An opening groove overlaid with a basic guitar lead will feed into a riff that informs the rest of the piece, one guitar will then break away into a very basic melody that at first feels like an afterthought; until it becomes the linchpin of the entire structure to follow. Towards the end of the piece everything is then reconstructed around the opening riff, sometimes with the drums playing double speed.
Although this structure is somewhat typical of doom metal, Slimelord have plenty of unique and eerie refrains that jump out of the swamp of noise at unexpected points to hold the attention. The music holds up its own right without over-egging the whole doom thing. Rather than using a doom breakdown to inform the structural collapse and rebirth of a track, the riffs themselves will determine this, with rhythm and tempo changes falling at unexpected junctures.
Despite there being only three full tracks to sink your teeth into, ‘The Death Delta Sirens’ is metal that ticks two important boxes for me: unique atmosphere, and engaging structures informed by well crafted riffs. Its short runtime leaves me wanting more, but this is always a plus in my book.
Pay attention kids, this is the kind of extreme metal your boy Euronymous would have enjoyed back in the day. Lancaster’s Insurgency have been around for a few years now, but their second EP ‘Militant Death Cult’ is a well of treats for fans of pre 1990 extreme metal. It’s dark, primitive, aggressive thrash in the style of early Sodom, Hellhammer, Sarcofago, and Pentegram (Chile). This is atonal, percussive extreme metal that has more in common with Discharge than it does Megadeth or Testament. Staccatod power chord riffs define the rhythm and structure of each track, with drums simply pounding along in the background adding an intense and disconcerting energy to the music.
Even the production sounds old school. It’s lo-fi certainly, but the level of reverb used douses it in that panicked darkness unique to metal of the 1980s. The vocals are reminiscent of Brian Llapitan on NME’s ‘Unholy Death’ LP (1986). A punky mid-range rasp that is again covered in reverb, making the majority of lyrics nearly inaudible.

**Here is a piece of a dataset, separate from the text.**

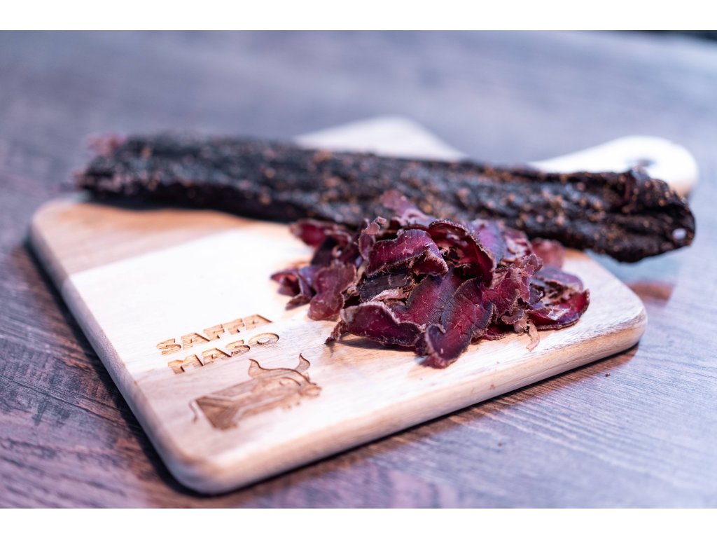 Na rozdíl od klasického jerky je biltong sušen přirozeným prouděním vzduchu, díky čemuž si zachovává jemnější texturu, výraznější chuť a přirozené živiny.

The music is made up of a series of shifting intensities as riffs are repeated up or down an octave. Occasionally the bass will break away into a solo of sorts, or the guitar will take a brief recess from the relentless rhythmic drive. For that reason Insurgency can pretty much get away with sticking to the same or similar pace throughout this EP, only occasionally slowing down to more conventional rock tempos. All these very simple techniques are given new significance in their context by the intense and united battering that preceded it.
In this respect it helps to look at this as minimal ambient music as oppose to anything related to rock (hear me out). The whole point is to beat the listener into submission with the appearance of monotony through repetition, which means any slight change in pitch, tempo, or intensity seems more significant owing to its rarity. For that reason the structure becomes an intriguing puzzle, and any new revelation revealed by the music a pleasant surprise. Aside from such lofty analyses of the sonic architecture however, ‘Militant Death Cult’ is the fuckest uppest.